I am suggesting we become creative in restructuring and how we do business and allow all leaders to emerge.  Adminstration can be facilitation. I have tried to find research that supports what I am suggesting but haven’t found anything.  Any ideas from anyone out there? 

 Take advantage of thinking outside the box with everything we do.  We can’t be expert in everything and by spreading expertise we can strengthen our abilities to provide effective education.  When projects emerge it is necessary to bring those experts into the room by what they know and have been educated in not by what their title dictates!

There has been so much controversy over what works and what doesn’t. Our students are failing and leave it to the “experts” to figure out why. I came across an article “Dropping out is hard to do” in the Center for School Reform newsletter. I liked the ideas it put forth about developing relationships with students, making education more meaningful, encouraging rigor, early detection of students at risk, and most importantly improving the culture of our school to improve disengagement issues with our children. I feel we are constantly laying blame on home lives, poverty, and other contributing factors to our students failure in school. They do contribute and that is why we need to challenge ourselves to go through our own “industrial revolution” to look at education differently. Has anyone asked the kids??? If they do are they taken seriously?
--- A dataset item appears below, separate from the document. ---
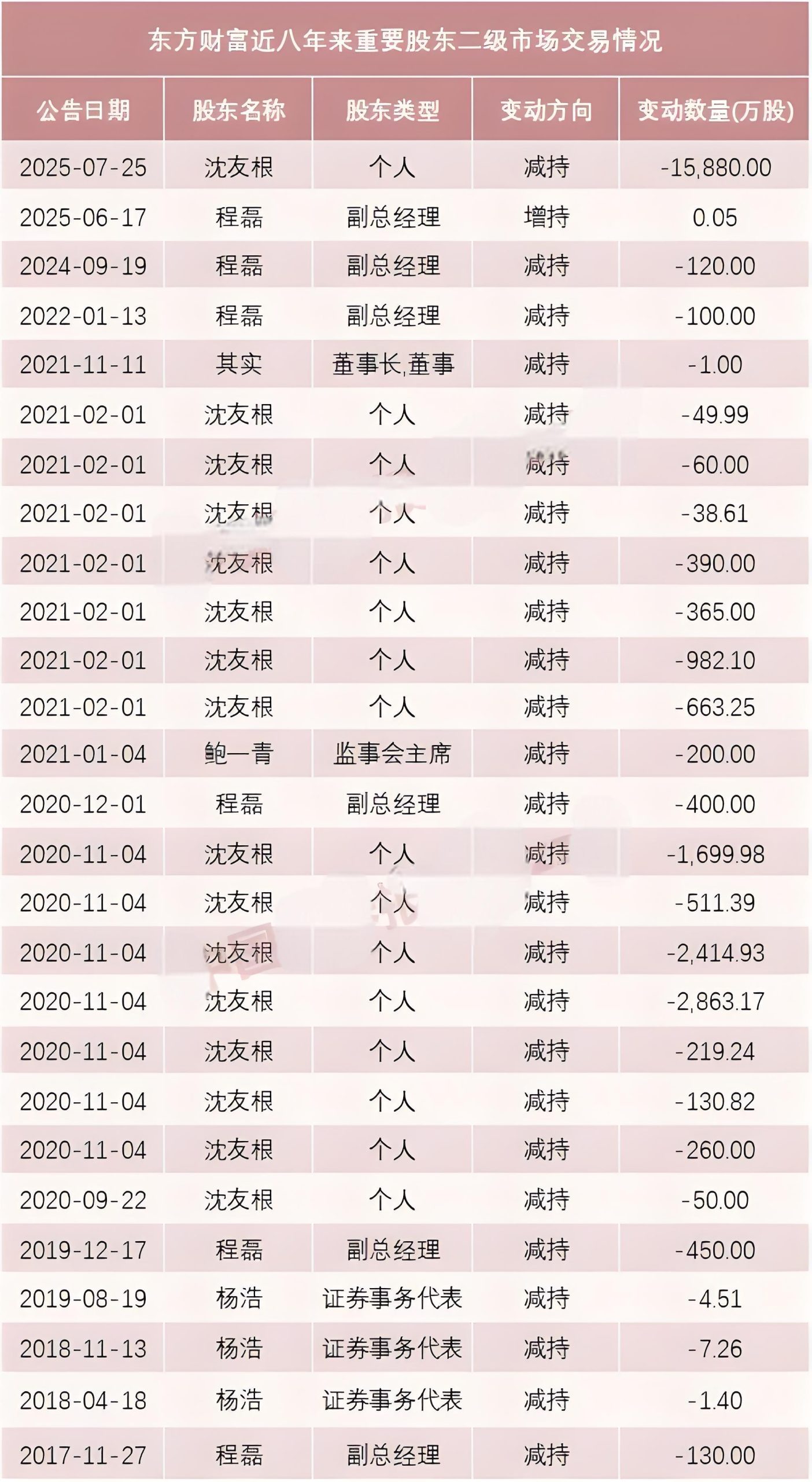 此前,沈友根曾通过集中竞价交易,多次减持东方财富股份。2021年2月,东方财富发布公告称,沈友根因个人资金需求,在2020年9月至2021年2月,通过集中竞价交易,累计减持1.07亿股公司股份,占公司总股本的1.24%,减持均价为26.95元/股,套现金额合计28.83亿元。

The Northwest Regional Education Lab- quality and teaching division, created a guide to develop professional learning teams to bring teachers together as leaders in their own development and growth. High need districts were selected for the study. Teachers were put into teams to look at data, determine instructional strategies based on that data, use research based strategies, collect classroom data and reflect as a team to improve. The process also includes developing teams, resolving conflict, developing trust, and improving communication.
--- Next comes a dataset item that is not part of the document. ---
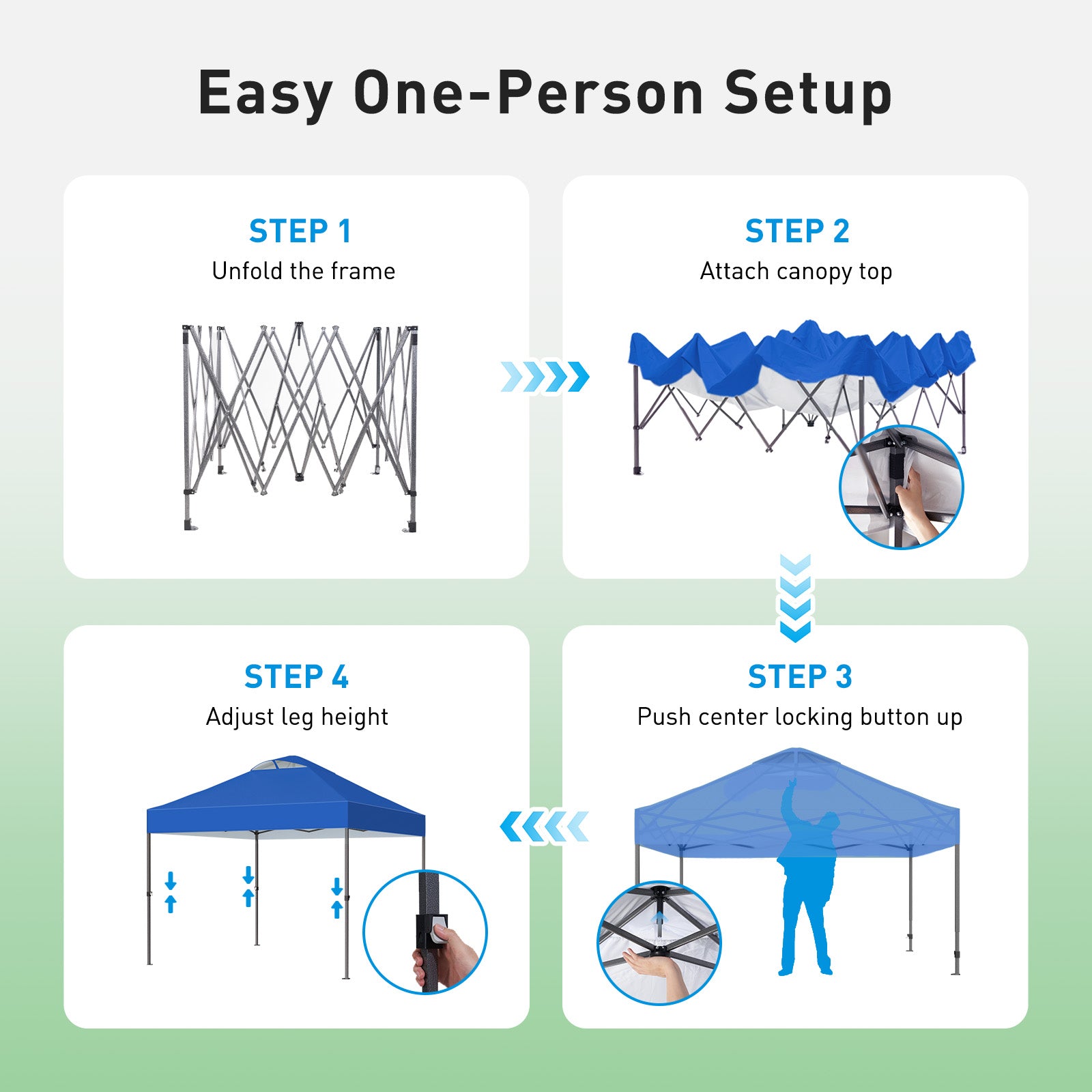 CHITOOMA 10 x 10ft Pop up Canopy Tent, Instant Outdoor Shelter Easy Portable Straight Leg Canopy Tent, Blue

This model puts teachers in the drivers seat and administrators provide them with the resources they need to succeed. Those resources might be access to the data they need, professional development and meeting time, bringing in experts as they identify areas they want to improve, etc. Teachers drive the change by their own research which is what we encourage our students to do. Our teachers become learners, educators and decision makers in their own destiny with a common goal of improving student performance. With this vested interest teachers develop a process for growth and “life long learning” that we so desparately want to instill in our students.

This article provides a guide which I highly recommend. Administrators become supporters and gatherers of resources and teachers implement their plans as teams to provide constant feedback, improving of practice, and reflection.

The article is Improving Instruction through Professional Learning Teams, A guide for school leaders. November 2005, Dr. Susan Sather.  I have provided you with a link under other resources.